→ **THE TASK**: When you reach the line containing "A narrow rolling" in the data below, begin returning lines exactly as written, and stop once the line containing "In Case 2, three" has been returned.

→ **DATA SHOWN**:
+--

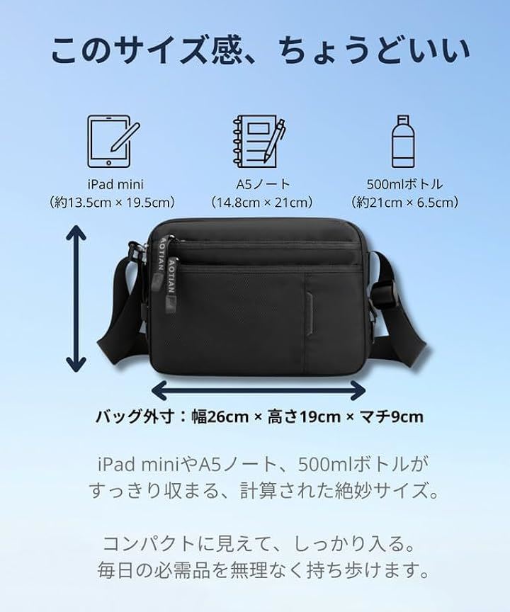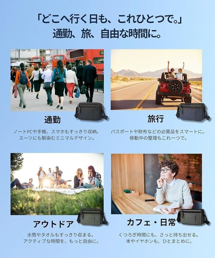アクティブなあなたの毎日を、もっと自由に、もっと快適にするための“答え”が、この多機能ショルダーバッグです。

+--

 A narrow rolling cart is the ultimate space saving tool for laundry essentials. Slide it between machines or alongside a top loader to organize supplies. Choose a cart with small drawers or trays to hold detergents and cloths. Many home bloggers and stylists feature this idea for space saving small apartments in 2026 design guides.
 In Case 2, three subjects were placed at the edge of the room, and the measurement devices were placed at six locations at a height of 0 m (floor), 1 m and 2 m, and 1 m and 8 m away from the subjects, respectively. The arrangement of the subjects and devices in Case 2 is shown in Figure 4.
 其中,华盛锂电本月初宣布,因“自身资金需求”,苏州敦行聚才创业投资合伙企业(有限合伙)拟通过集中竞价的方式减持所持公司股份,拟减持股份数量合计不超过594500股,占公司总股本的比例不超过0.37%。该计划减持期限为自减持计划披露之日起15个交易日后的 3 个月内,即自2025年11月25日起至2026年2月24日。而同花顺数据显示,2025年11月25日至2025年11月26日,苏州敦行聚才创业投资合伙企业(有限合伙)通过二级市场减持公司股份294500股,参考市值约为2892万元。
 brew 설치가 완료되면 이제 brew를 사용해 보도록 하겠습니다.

+--

→ **RESULT**:
 A narrow rolling cart is the ultimate space saving tool for laundry essentials. Slide it between machines or alongside a top loader to organize supplies. Choose a cart with small drawers or trays to hold detergents and cloths. Many home bloggers and stylists feature this idea for space saving small apartments in 2026 design guides.
 In Case 2, three subjects were placed at the edge of the room, and the measurement devices were placed at six locations at a height of 0 m (floor), 1 m and 2 m, and 1 m and 8 m away from the subjects, respectively. The arrangement of the subjects and devices in Case 2 is shown in Figure 4.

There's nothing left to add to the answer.